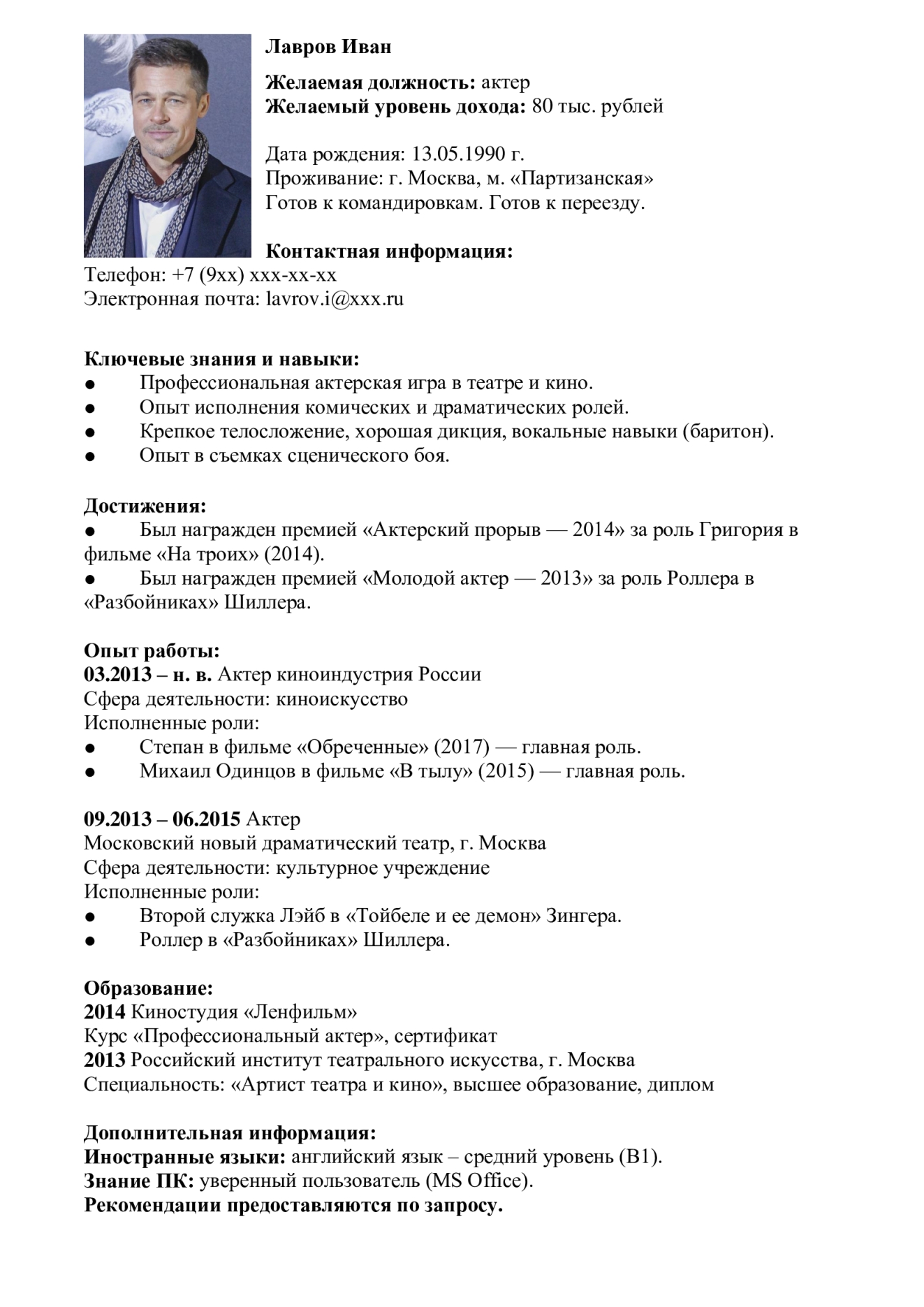 Также актеру пригодятся умение работать в команде, устойчивость к стрессам, трудолюбие, хорошее внимание, пунктуальность. Любой артист должен быть устойчив к физическим и эмоциональным нагрузкам, постоянному интересу со стороны окружающих.
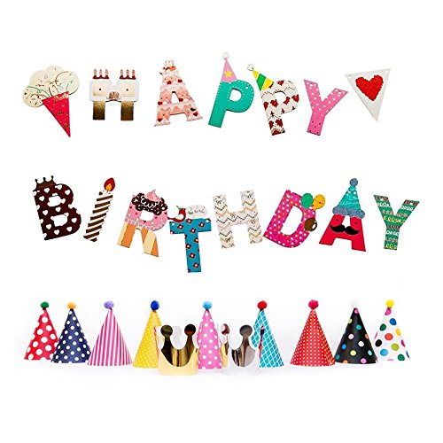 Efivs Arts Fun Colorful Gold Foiled Happy Birthday Banner Flags and Kids Party Hats and Crowns Set
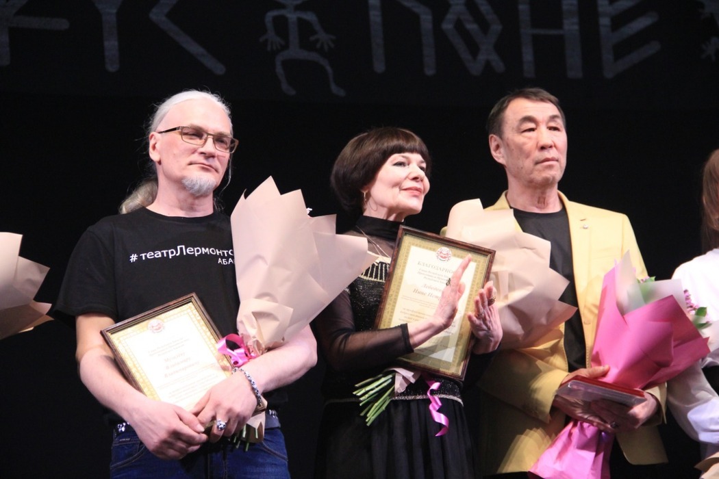 Она вручила главные награды вечера. Звание заслуженного артиста Хакасии присвоено Сергею Доможакову, ведущему мастеру сцены Хакасского национального драматического театра имени А.М. Топанова. Звание заслуженного работника культуры Хакасии присвоено Ольге Горнак, главному инженеру Хакасского национального театра кукол «Сказка» и директору Хакасского национального драматического театра имени А.М. Топанова Владимиру Чустееву.

.....

ABOUT THIS TASK: Each line from the first line of the listing through the line with "Efivs Arts Fun" must be printed exactly, both ends included, and no picture may appear.

RESULT OF THE TASK:
 Также актеру пригодятся умение работать в команде, устойчивость к стрессам, трудолюбие, хорошее внимание, пунктуальность. Любой артист должен быть устойчив к физическим и эмоциональным нагрузкам, постоянному интересу со стороны окружающих.
 Efivs Arts Fun Colorful Gold Foiled Happy Birthday Banner Flags and Kids Party Hats and Crowns Set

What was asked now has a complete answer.